General characteristics
- Class & type: Aloe-class net laying ship
- Displacement: 560 long tons (570 t), light; 850 long tons (860 t), full;
- Length: 163 ft 2 in (49.73 m)
- Beam: 30 ft 6 in (9.30 m)
- Draft: 11 ft 8 in (3.56 m)
- Propulsion: direct drive diesel, single propeller
- Speed: 12.5 knots (23.2 km/h)
- Complement: 48 officers and enlisted
- Armament: 1 × single 3 in (76 mm) gun mount; 2 × .30 caliber machine guns; 2 × depth charge tracks;

= USS Hackberry =

Aloe-class net laying ship built for the United States Navy during World War II

USS Hackberry (YN-20/AN-25) was an built for the United States Navy during World War II. She was originally ordered and laid down as USS Maple (YN-20) but renamed shortly before her October 1941 launch. She was later transferred to the French Navy as Araignée (A727).

== Career ==
Hackberry (YN-20), originally Maple but renamed before launching 28 October 1941 by American Shipbuilding Company. Cleveland, Ohio. She was commissioned 21 December 1942.

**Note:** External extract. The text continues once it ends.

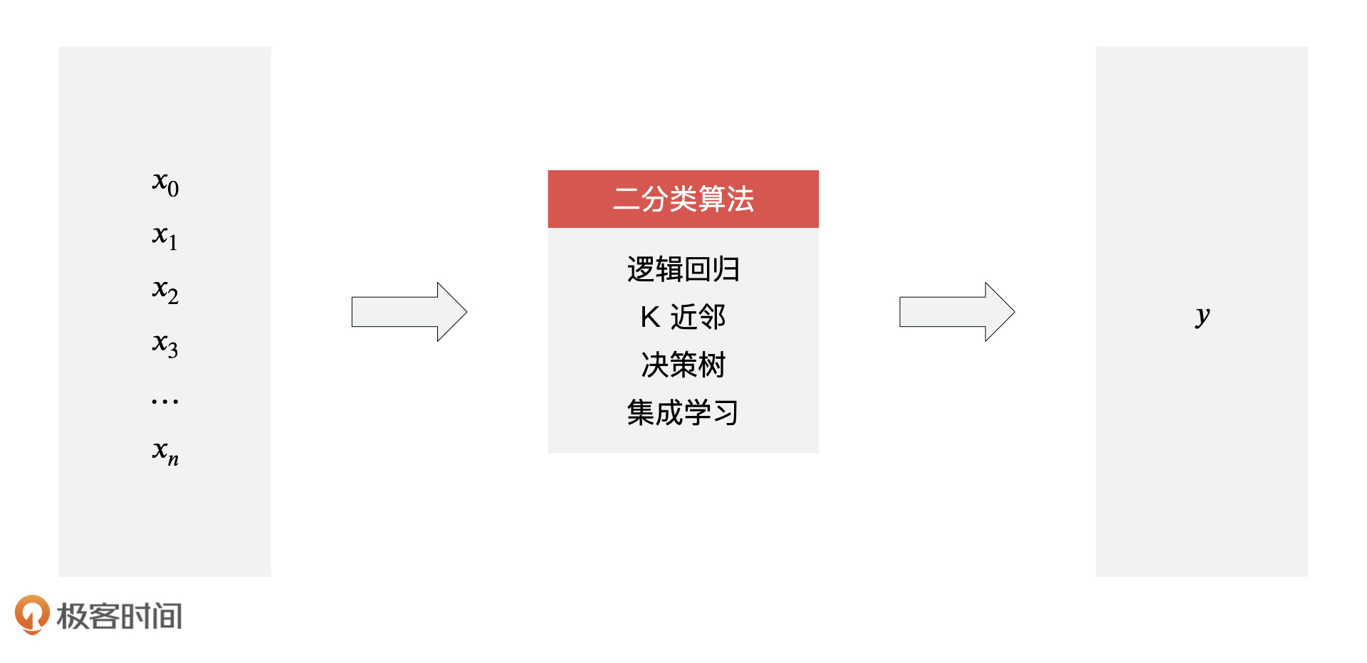 对于算法的选型,我们可以选择之前课程中学习的算法,如逻辑回归、K 近邻、决策树、随机森林等等。每一个算法都可以训练出一个 数学公式: $ x $(样本)到 数学公式: $ y $(标签)的函数,然后在使用的过程中,我们只需要通过这个函数导入一个未知的 数学公式: $ x $,就可以预测出对应的 数学公式: $ y $ 标签的概率,然后我们再将概率大于 0.5 (如果要求更高的复购概率可以提高 y 值)的 数学公式: $ y $ 值表示成复购,将概率小于 0.5 的 数学公式: $ y $ 值表示成不复购。

Following shakedown and training exercises out of Tompkinsville. Rhode Island, the net tender was assigned to North African waters, reporting 12 April 1943. She operated in Palermo harbor towing and acting as cable recovery and salvage vessel. During her stay in Palermo Hackberry installed boom defenses at Catania, Sicily, and operated briefly in the harbor at Naples, Italy.

As the pincers were applied to the Axis in Europe, Hackberry took part in the important landings in southern France. Arriving off the beaches 15 August, the ship helped transport garrison troops from the newly won Alpha beach to Isle du Levant.

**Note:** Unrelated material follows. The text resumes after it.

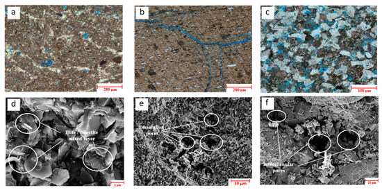 The results of cast thin sections (CTSs) and scanning electron microscopy (SEM) tests are shown in Figure 5. Observations from the CTSs and SEM reveal various pore types in Jimsar shale, including intergranular pores, intercrystalline pores, and dissolution pores, with some core samples exhibiting natural fracture development. Figure 5a,b display CTSs of clayey argillaceous shale core samples, where intergranular spaces are filled with clay minerals, and the predominant cement type is matrix-supported. Figure 5b also shows distinct features of microfracture development, which are further observed under SEM (Figure 5d), revealing irregular illite/smectite mixed-layer minerals phases. Figure 5c presents CTSs of sandy argillaceous shale core samples, mainly composed of detrital grains with point or line contacts between them, and the dominant cement type is clastic. SEM observations reveal the presence of dissolution pores (Figure 5e) and intergranular pores (Figure 5f) in the sandy argillaceous shale core samples, with rhombohedral calcite crystals observed within the pores in Figure 5f.

Hackberry remained in the area as Allied troops pushed forward from the beachhead, coming under fire from German shore batteries 22 August. With the capture of Toulon, the ship returned to her regular duties, clearing away the net and other harbor obstructions.

Redesignated (AN-25) 20 January 1944, Hackberry operated at Toulon and Marseille until being turned over to the French government under lend-lease 12 November 1944.

Hackberry was returned to U.S. custody from lend-lease 21 March 1949 and was sold the same day to France, where she served as Araignée.

In the summer of 1949, she sailed to Indochina with two small tugs in tow, and in February 1950, she sailed the return trip with Intraitable in tow. From then, she served in Toulon, and in Brest from 1956.

Araignée was decommissioned in 1977, and used as a pontoon hulk until 1985, when she was sold for scrap.